3. Lower bounds – In the face‑to‑face setting, the paper derives adversarial lower bounds for specific ranges of d (e.g., d ≤ π/2 and d ≥ π/2). The construction forces the robots to traverse a minimum uncovered arc before any exit can be guaranteed, yielding a provable worst‑case evacuation time that matches the upper bounds up to a small additive constant.

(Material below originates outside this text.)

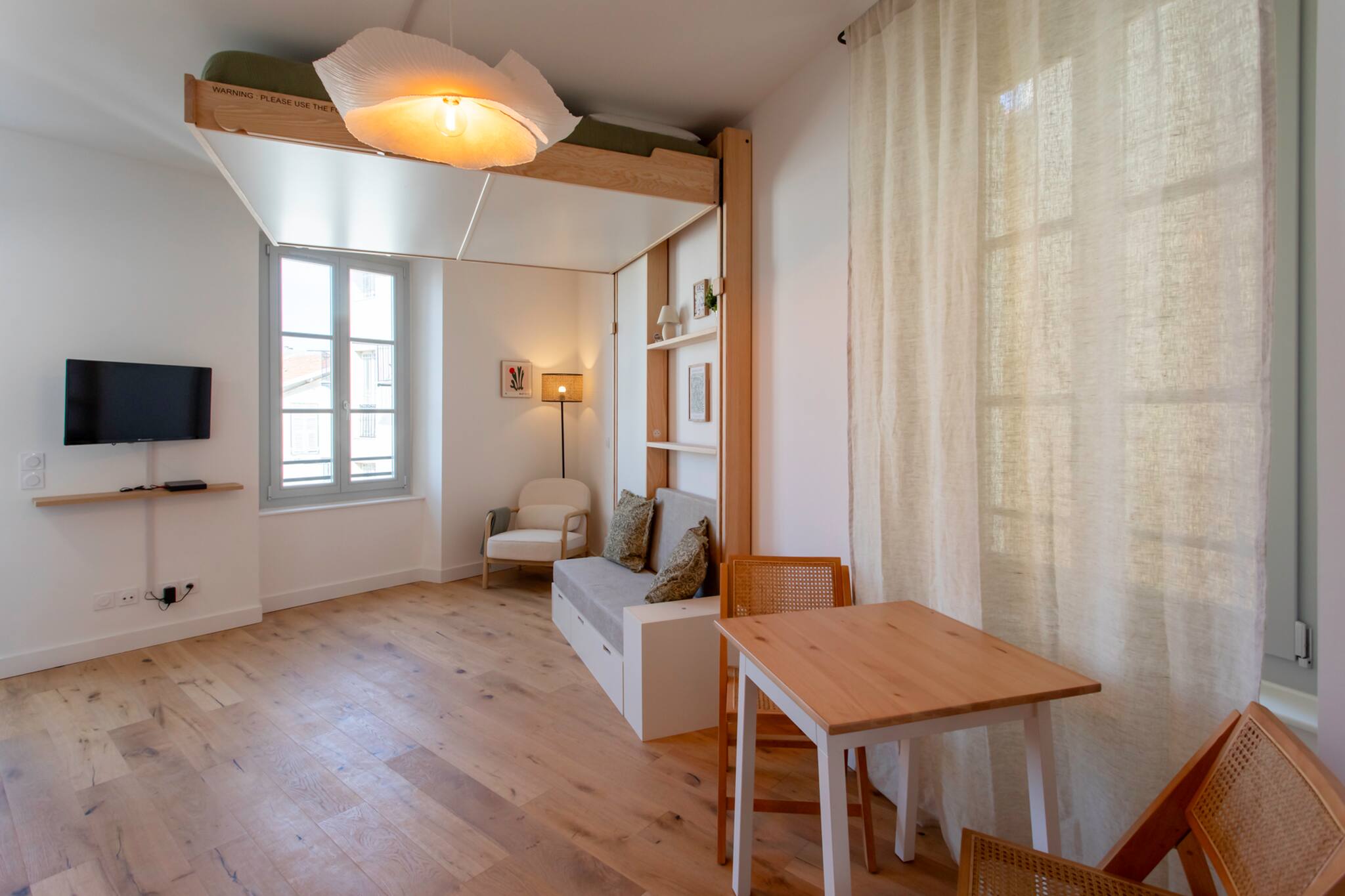 Ce lumineux logement de 20m² est perché sur les toits du Vieux Nice. Situé au 5ème étage sans ascenseur le calme et l' aperçue Mer au dessus des toits seront votre récompense. Sa localisation à 5 mins de marche de la Mer et 3 mins du marché au fleurs est idéale Tramway T1 et parkings publiques à 5mins. Équipe avec soins: clim réversible, WIFI, lit double 140cm, espace repas, cuisine équipée, micro-onde, machine à laver, salle de douche avec WC. Idéal pour profiter du cœur de Nice à 2 personnes

4. Experimental evaluation – The authors implement all proposed algorithms in a simulation framework. They vary d from 0 to π and ζ from 0 to d, measuring both average and worst‑case evacuation times over many random placements of the exits. Results confirm that:

   • The wireless model consistently outperforms the face‑to‑face model, as expected.
   • When exits are labeled, the performance gap narrows dramatically; the face‑to‑face algorithm’s worst‑case time becomes within 2 % of the wireless optimum.
   • Larger ζ (robots starting farther apart) improves the face‑to‑face performance because the meeting distance is reduced.
   • The theoretical upper bounds are tight: simulated worst‑case times are very close to the analytical formulas.

Significance
The work extends the classic “search‑and‑evacuate” problem by incorporating multiple exits with known separation, a realistic scenario for disaster‑response robots that may have partial knowledge of safe zones. By contrasting wireless and face‑to‑face communication, the paper quantifies the value of global messaging versus local encounters, providing concrete guidelines for system designers: if reliable long‑range communication is unavailable, initializing robots with a separation equal to the known exit distance (ζ = d) yields near‑optimal evacuation times. The labeled‑exit variant shows how modest additional information (identifiers) can dramatically reduce evacuation latency.

Future directions suggested include extending the model to more than two robots, handling more than two exits, allowing heterogeneous speeds, or considering obstacles inside the disk. Overall, the paper delivers a thorough theoretical treatment, tight bounds, and practical validation for a nuanced evacuation scenario in distributed robotics.